Unsupervised Visible-Infrared ReID via Pseudo-label Correction and Modality-level Alignment
This work improves human detection in diverse environments without labeling, but it is incremental as it builds on existing clustering and matching methods.
The paper tackles the problem of unsupervised visible-infrared person re-identification by addressing noisy pseudo-labels and misaligned cross-modality features, achieving state-of-the-art performance on benchmark datasets.

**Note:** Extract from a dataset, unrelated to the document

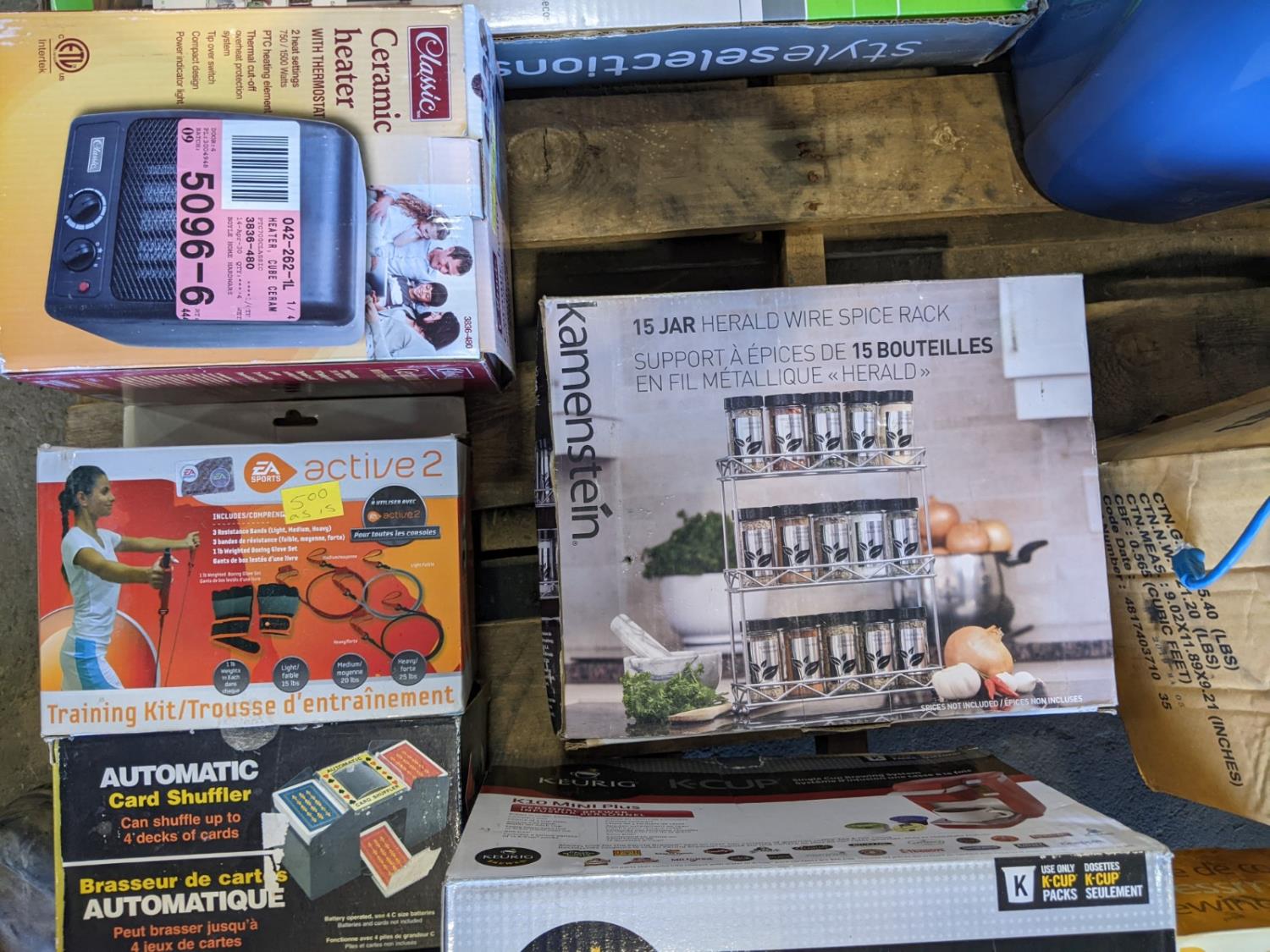 Portable speakers, keurig coffee maker, 15 jar spice rack, ceramic heater, 3 Tier shelving unit, sewing machine, miscellaneous household items

Unsupervised visible-infrared person re-identification (UVI-ReID) has recently gained great attention due to its potential for enhancing human detection in diverse environments without labeling. Previous methods utilize intra-modality clustering and cross-modality feature matching to achieve UVI-ReID. However, there exist two challenges: 1) noisy pseudo labels might be generated in the clustering process, and 2) the cross-modality feature alignment via matching the marginal distribution of visible and infrared modalities may misalign the different identities from two modalities. In this paper, we first conduct a theoretic analysis where an interpretable generalization upper bound is introduced. Based on the analysis, we then propose a novel unsupervised cross-modality person re-identification framework (PRAISE). Specifically, to address the first challenge, we propose a pseudo-label correction strategy that utilizes a Beta Mixture Model to predict the probability of mis-clustering based network's memory effect and rectifies the correspondence by adding a perceptual term to contrastive learning. Next, we introduce a modality-level alignment strategy that generates paired visible-infrared latent features and reduces the modality gap by aligning the labeling function of visible and infrared features to learn identity discriminative and modality-invariant features. Experimental results on two benchmark datasets demonstrate that our method achieves state-of-the-art performance than the unsupervised visible-ReID methods.